Nfld. & Labrador

As Health Accord review continues, Burin Peninsula mayor warns against drastic service cuts

Residents of the Burin Peninsula are nervous about upcoming recommendations from the provincial health advisory team, concerned that any changes could decimate health-care services in the area, says a mayor from the region.

'How do we fight something if we don't know what we're fighting?' says Marystown Mayor Brian Keating

Marystown Mayor Brian Keating says people are worried that health services will be removed from the Burin Peninsula. (Eastern Health)

Residents of the Burin Peninsula are nervous about upcoming recommendations from the provincial health advisory team, concerned that any changes could decimate health-care services in the area, says a mayor from the region.

Marystown Mayor Brian Keating told CBC Radio's St. John's Morning Show reductions could mean the end of CT scans and bring changes to emergency services and day surgery at hospitals on the Burin Peninsula.

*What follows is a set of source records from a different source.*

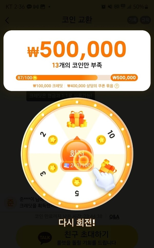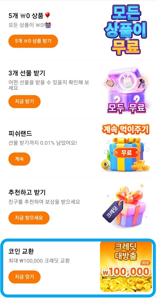 이 이미지는 제가 받은 보상과 함께 진행 중인 코인 교환 이벤트를 보여주고 있어요. 정말 재미있고, 친구를 초대하면 추가 보상도 받을 수 있어서 좋더라고요!
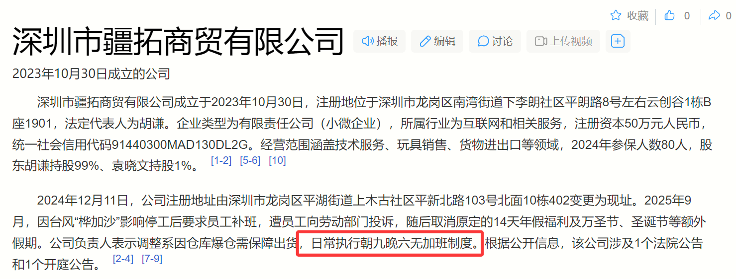 网友搜了一下,这家公司成立时间不久,在2023年10月份才成立。虽然是商贸公司,但并践行九九六,而是朝九晚六无加班制度,可以说是公司里的一股清流。
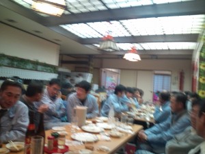 当社は、28日で基本的に仕事納めでした。現場によっては29日も動くところもありますが、私は、今年(も)まだ机の上の片付けもできていなく、年賀状も始めたばかりです。そんな一番最後の勤務日に会社の忘年会をしました。会場は豊丘の管理センターの横の幸運来です。センターに車も置いておけるし、何よりこのピンチで、忘年会をやるかやらないかという事情もありますので、安くてたくさん食べれるところに限られました。おかげで一年のうっぷんを晴らすように生ビールや紹興酒、焼酎、最後にラーメンまで自由にオーダーして飲んだり食べたりしました(それでも一人2.5千円!)。来年は幸運来ますように!
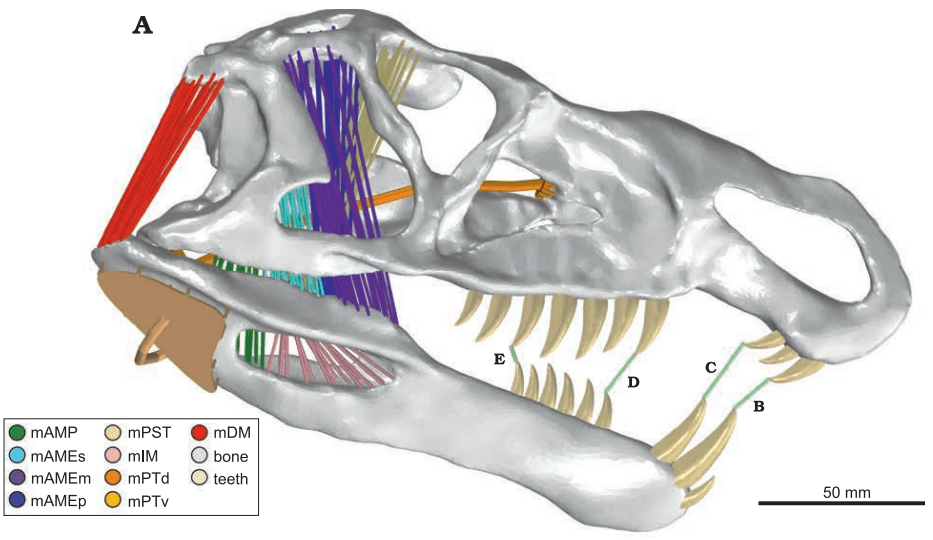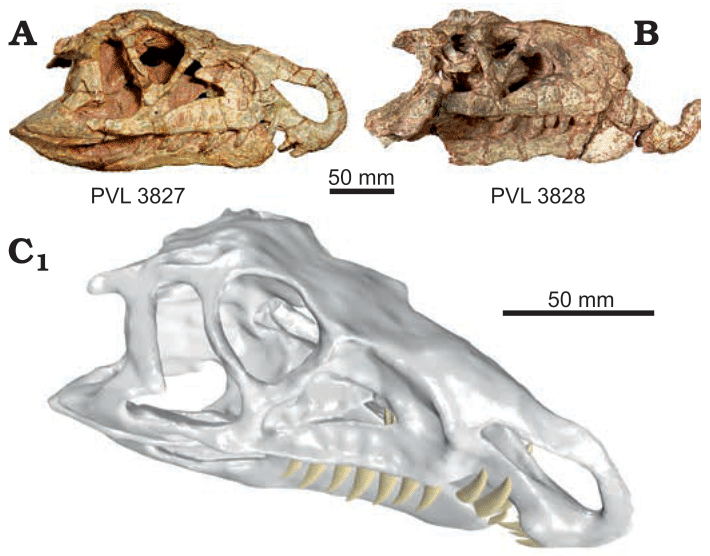Référence : Taborda, J.R.A.; Belen von Baczko, M.; Desojo, J.B., 2023, Biomechanical analysis and new trophic hypothesis for Riojasuchus tenuisceps, a bizarre-snouted Late Triassic pseudosuchian from Argentina. Acta Palaeontologica Polonica. 68.

What's most frustrating, according to Keating, is that nobody exactly knows yet what the Health Accord team will recommend to the provincial government. 

"Really the direction they're giving us is no direction. They're actually giving us organized confusion," Keating said. "How do we fight something if we don't know what we're fighting?"

The 25-person team, which recently met with municipal leaders on the Burin Peninsula, is tasked with coming up with a 10-year plan for the future of health care in Newfoundland and Labrador while keeping the province's fiscal situation in mind. The team has been holding consultations in communities across the province.

Keating, who also chairs the Joint Council Health Accord Review Board for the Burin Peninsula, said changes would affect the U.S. Memorial Health Centre in St. Lawrence, the Dr. S. Beckley Health Centre in Grand Bank and the Burin Peninsula Health Care Centre.

Keating says helicopters were unable to service the Burin Peninsula for 250 days last year due to weather conditions. (Sherry Vivian/CBC)

Keating said virtual health care, which could replace some in-person services, won't work on the Burin Peninsula, which has spotty cellphone and internet coverage in areas.

What's more, said Keating, increasing air ambulance services to redirect residents to hospitals in nearby St. John's also won't work. Helicopters were not able to respond to the region for 250 days last year due to weather conditions, he said.

Population decline

The Health Accord team says it's not recommending taking any services from the Burin hospital but, in a statement to CBC News, the group said it's "deeply concerned about the sustainability of services which have very low numbers" such as obstetrics and in-patient surgery.

According to the group there's been a serious population decline on the Burin Peninsula: about 35 per cent since 1990 — including a 71 per cent decrease in the number of children — with another nine per cent predicted by 2030.

The group also found that hospital occupancy in Burin was only at 53 per cent between 2019 and 2020.

To strengthen the health of residents living on the Burin Peninsula, says the Health Accord statement, the region needs a community team to which every person and every community living there is attached.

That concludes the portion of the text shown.